Some new technologies in adjuvants, such as virosomes, appear to have less overstimulating effects on the immune system, less inflammatory response, and have a technique that mimics the natural way the body reacts to an attacking disease. 

Continued research into these types of adjuvants is important in preventing the reactions to vaccines, however using vaccines appropriately and judiciously is just as important and gives us an answer right now to reducing the possibility of vaccinosis in our dogs.

Take home message: The core vaccines of Distemper, Parvo, Hepatitis and Rabies have a duration of immunity much longer than 1 year and even longer than 3 years.

Vaccinating more than every 3 years has no benefit and actually increases the risk  of reactions.

If you base your dogs health only on risk vs reward it is obvious that vaccinating annually is not in your dog's best interest. For those of you that your dog's health is more important than just risk vs reward, it is even more obvious that you should be reducing how often you give your dog vaccines.


Daniel Beatty, DVM (Dr. Dan) is an integrative veterinarian that believes in a holistic approach to medicine and wellness. He uses the best of both the allopathic and the holistic worlds of medicine to maintain a proper balance to health and movement for his canine and equine patients. 

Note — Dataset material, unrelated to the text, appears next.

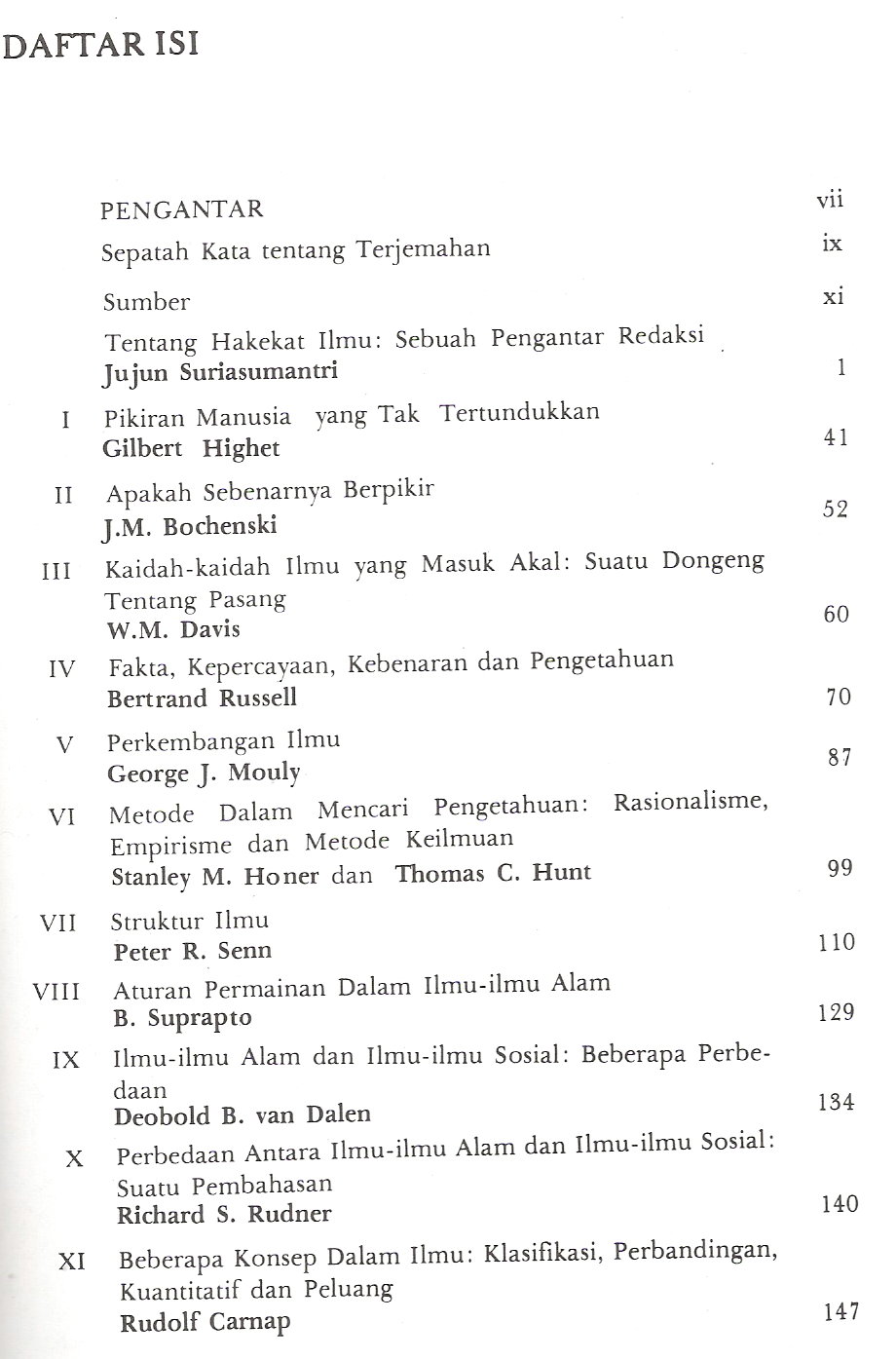 Berisi kumpulankarangan antara lain mencakup peranan berpikir dalam peradaban manusia, hakekat ilmu, kegunaan teori keilmuan, juga dibahas peranan beberapa disiplin keilmuan seperti : metematika, logika, statistik, bahasa dan juga peranan penelitian.

He also blogs at Dog Kinetics and loves to teach pet owners his ideas through blogging and webinars.

Articles by Dr. Beatty:
What Acupuncture Did For Intervertebral Disk Disease (IVDD) 

Related articles:

To Booster Or Not To Booster: Jasmine's Parvo and Distemper Titer Results Are Back
Veterinarians And Vaccines: A Slow Learning Curve 
DAP (Distemper, Adenovirus, Parvovirus): Fourth Year In, Still Full Immunity 


  1. My 7-year-old golden retriever died of autoimmune hemolytic anemia, so I take these issues very seriously, even though I don't know the exact cause of her disease. I plan to titer my current dog the next time he is "due" for vaccines.

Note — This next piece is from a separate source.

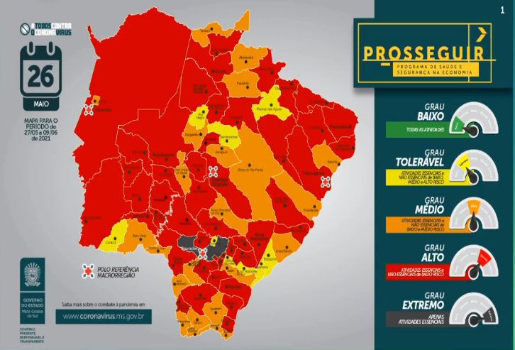 Além de Campo Grande, outras 45 cidades estão classificadas na bandeira vermelha. 23 municípios em laranja [grau médio] e apenas 9 foram classificados na bandeira amarela [grau tolerável]. Nenhuma cidade de MS consta na bandeira verde, grau baixo de contágio para o vírus.
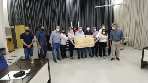 Nesta segunda-feira (12), o presidente da Câmara de Vereadores, Franciley Preto Godoi(Poim), fez a primeira devolução de recursos do seu mandato para a Prefeitura de Apucarana. No momento da entrega do cheque simbólico, no valor de R$ 1 milhão, os vereadores solicitaram que o recurso seja aplicado nas obras do Hospital de Apucarana (HA), anunciado na sexta-feira pelo prefeito Junior da Femac.

    1. Yes, it is certainly something to take seriously. Other things could trigger IMHA as well, but who's to say the over-excited immune system didn't at least contribute? All good things in moderation.

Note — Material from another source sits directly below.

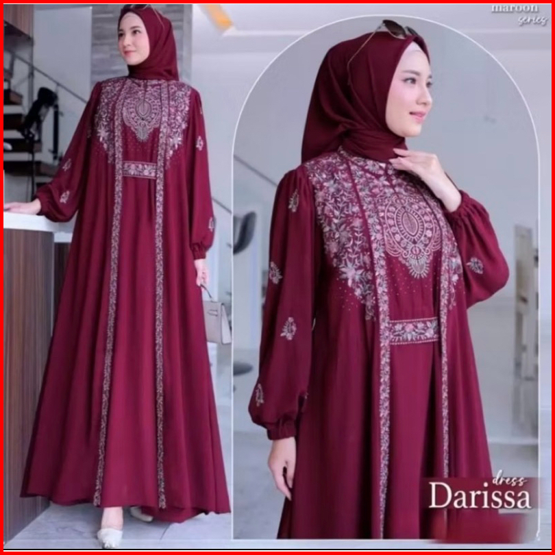 Darisa Dress Ceruty Babydoll Aplikasi Bordir Cantik Gamis Muslim Terbaru Gamis Simple Elegan Mewah Dress Kondangan

  2. Thanks for writing this; I researched over vaccination partly for my blog and partly to find out what I needed to do and have changed our dogs protocol based on what I learned from other bloggers and holistic veterinarians. The downside to vaccinations really makes you sit up and take notice. This is serious business.

    1. It certainly is. And given the fact that additional vaccination to an already immune dog won't change the status quo, completely needless risk.